A Sermon preached at St Martin-in-the-Fields on September 27, 2015, by the Revd Dr Sam Wells

Reading for address: Numbers 11

You’re at your brother’s. You’re in the kitchen. Everyone else is out somewhere. The house is quiet. You’re sitting together at the kitchen table, each holding a cup of coffee. Your brother’s offered you biscuits, cake, sugar – anything to keep the façade of hospitality going and delay the conversation you know is coming. In the end you put your hand on his shoulder, just for a moment, as you don’t really do tenderness, and you say, as gently and patiently as you can, ‘What is it?’
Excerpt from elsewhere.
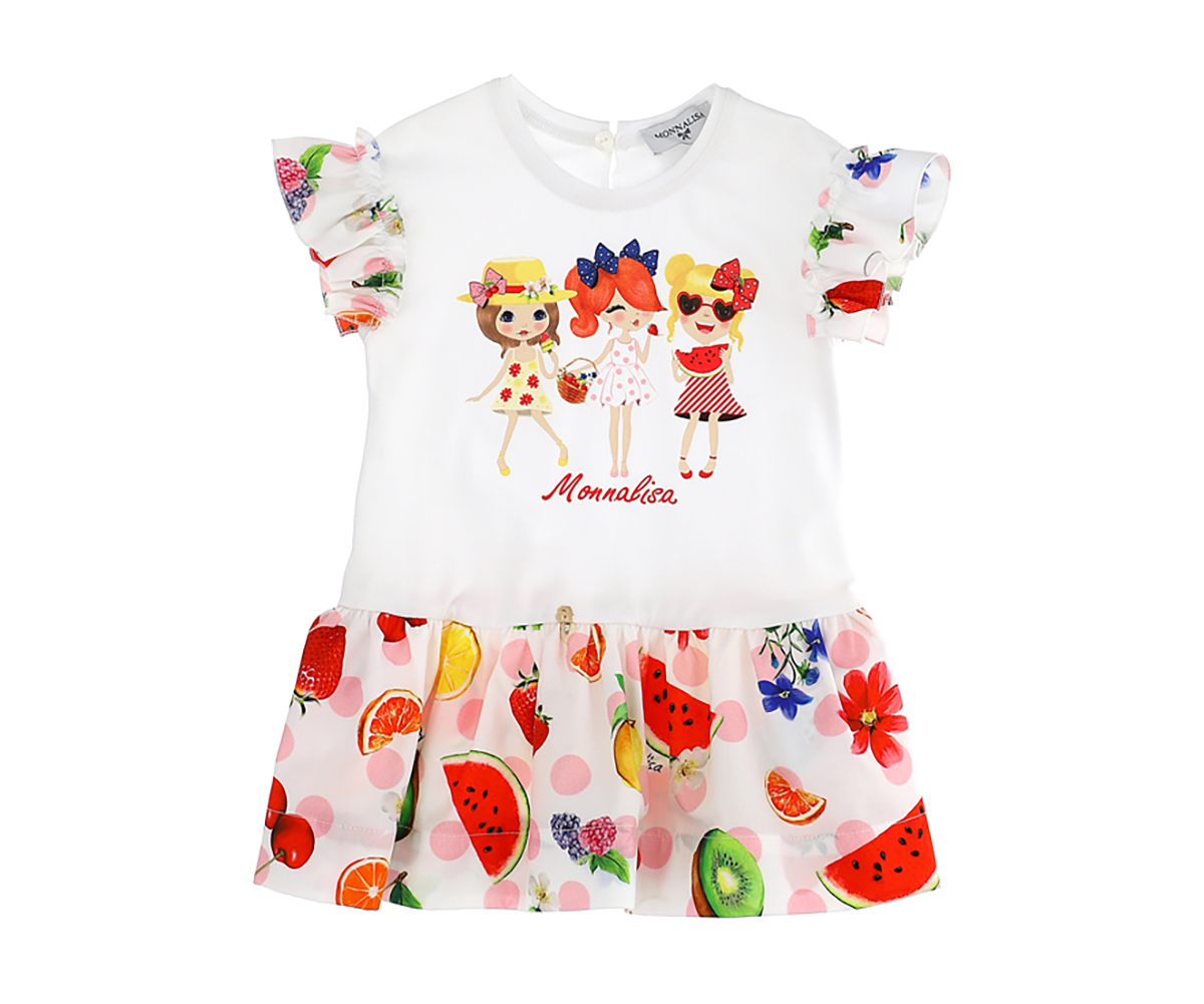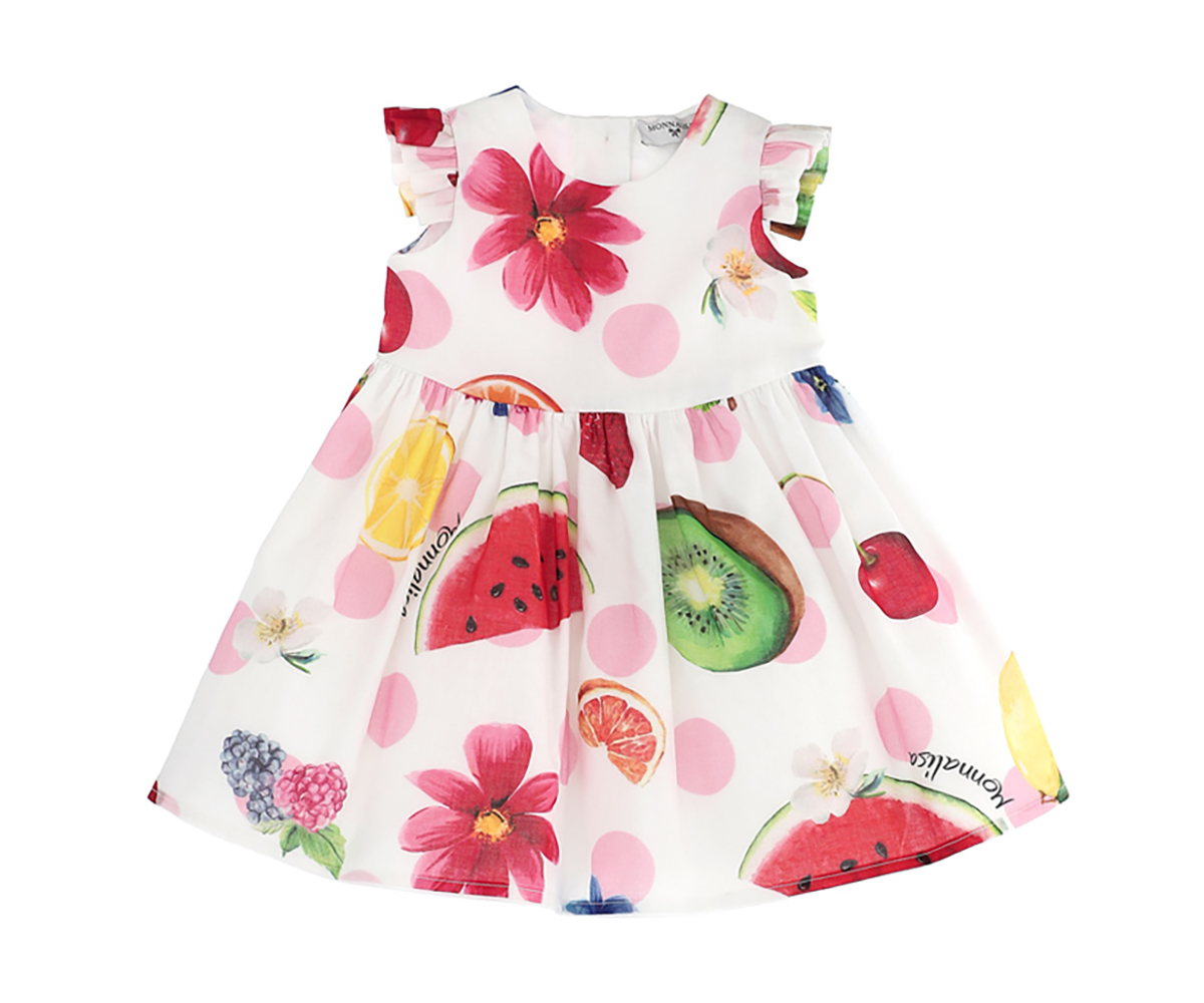 Рокля с къс ръкав с волан с плодов и флорален прин Monnalisa, 24 м.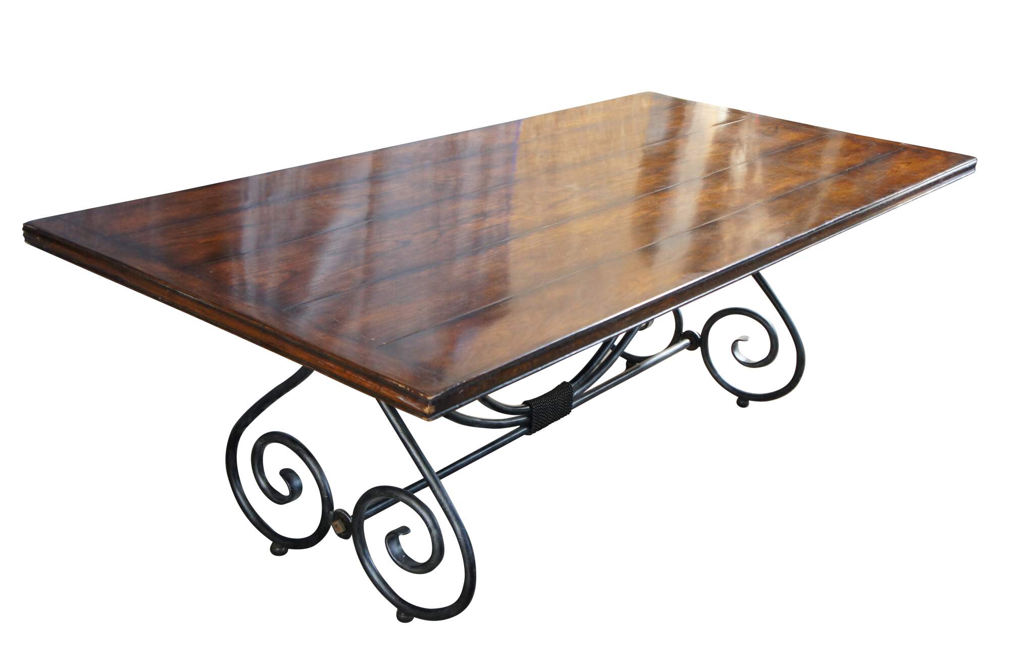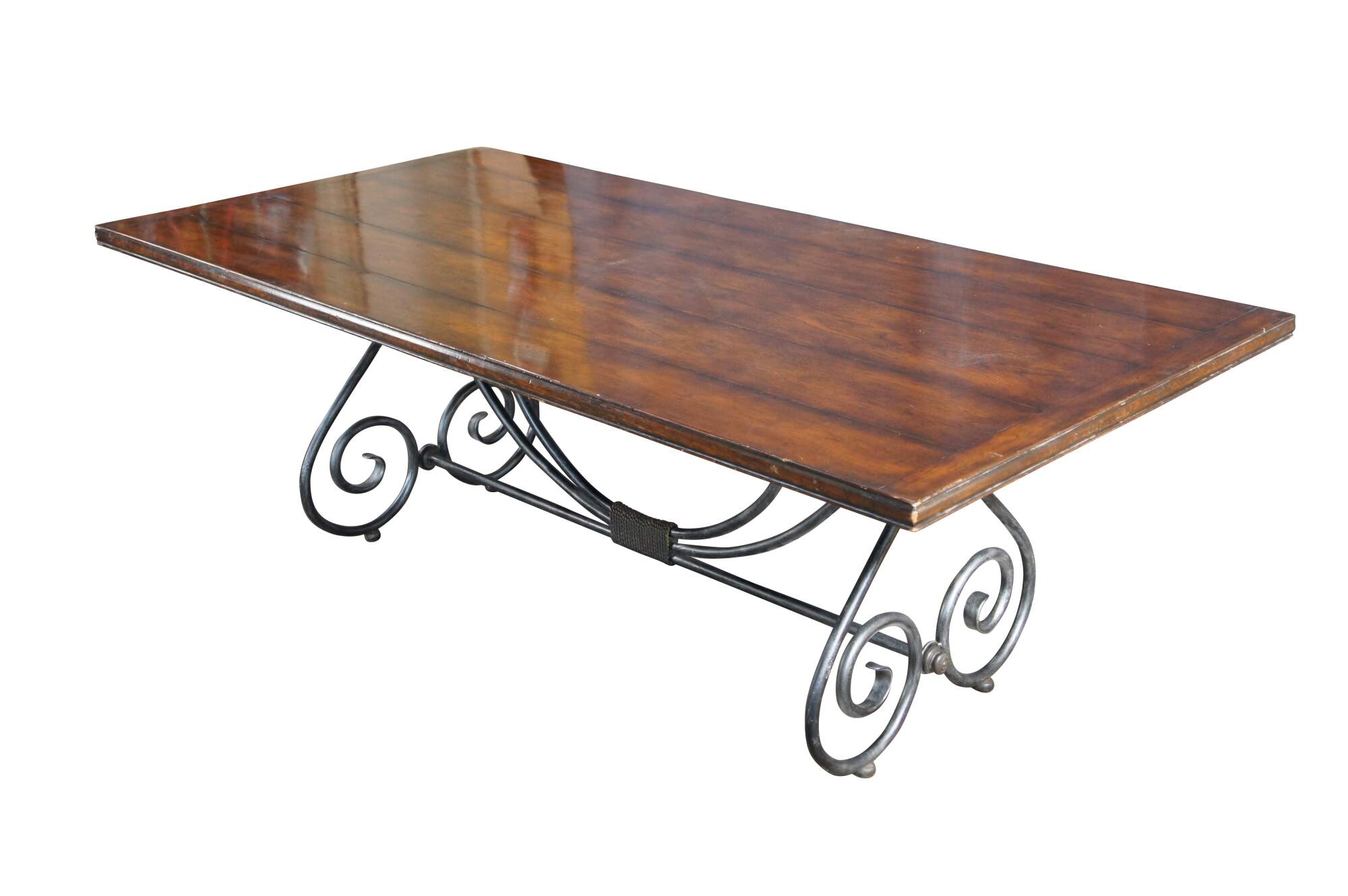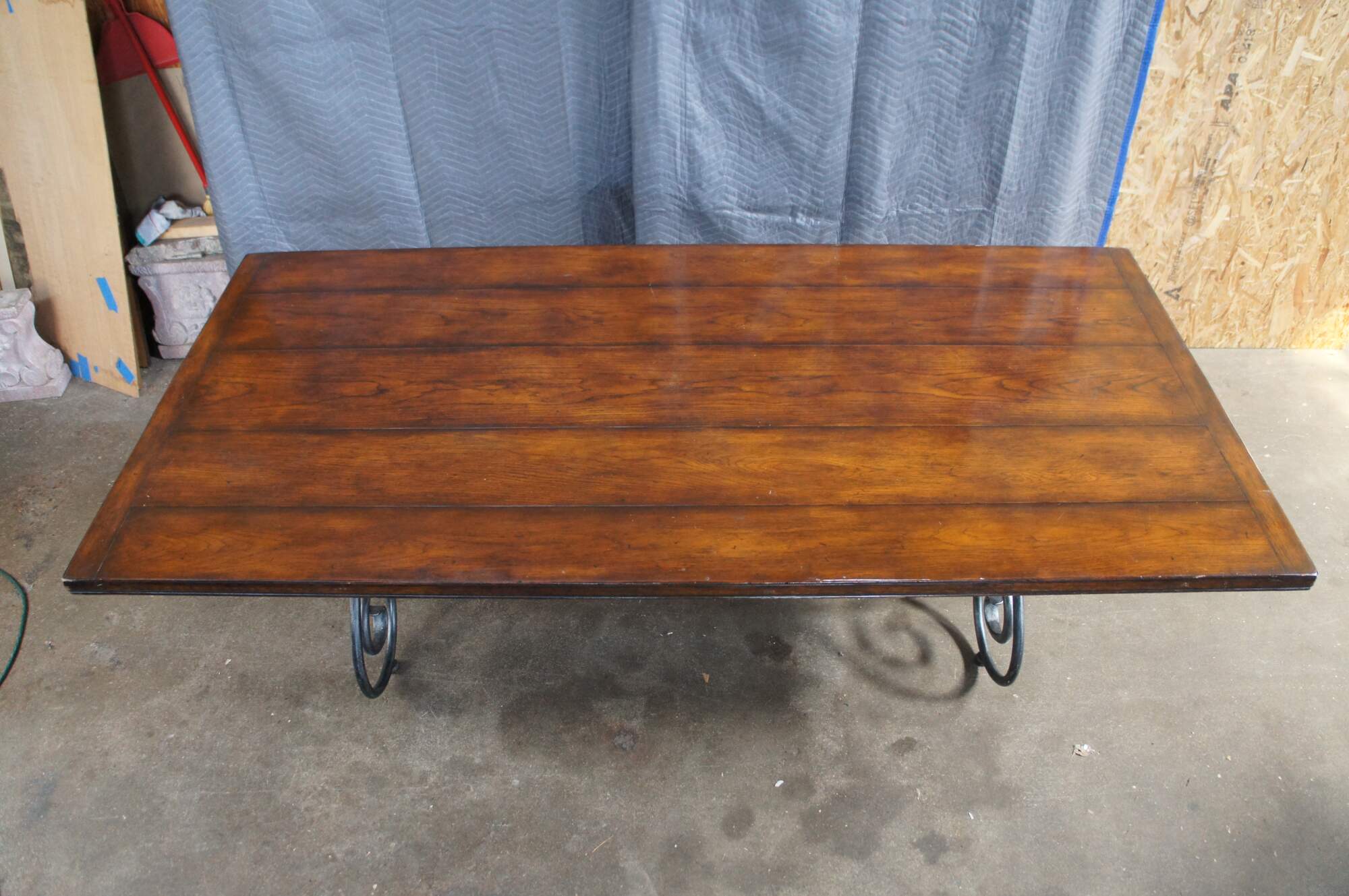 Theodore Alexander farmhouse dining table. Features a rectangular oak plank-style top over a scrolled iron footed base. Circa 2010s

You can see he’s fighting his emotions, not used to being so intimate with you. He can’t open his mouth lest words give way to convulsive sobs and bellows of distress. So he holds a fist to his cheek, until he’s steady enough to let a handful of words slip out. ‘I just keep asking myself, why?’ And suddenly you can see it all. Everything he’s been struggling with, these last ten years. Waves of anger, when you know to keep out of his way. Strains of guilt, when he wonders if he somehow brought it all on himself. Struggles for faith, when he can’t find any purpose in the course of events. Depression that induces him to lose all sense of meaning in anything. And a creeping paralysis, a feeling of powerlessness in which he sees himself as victim with no ability to make a plan or pull himself together.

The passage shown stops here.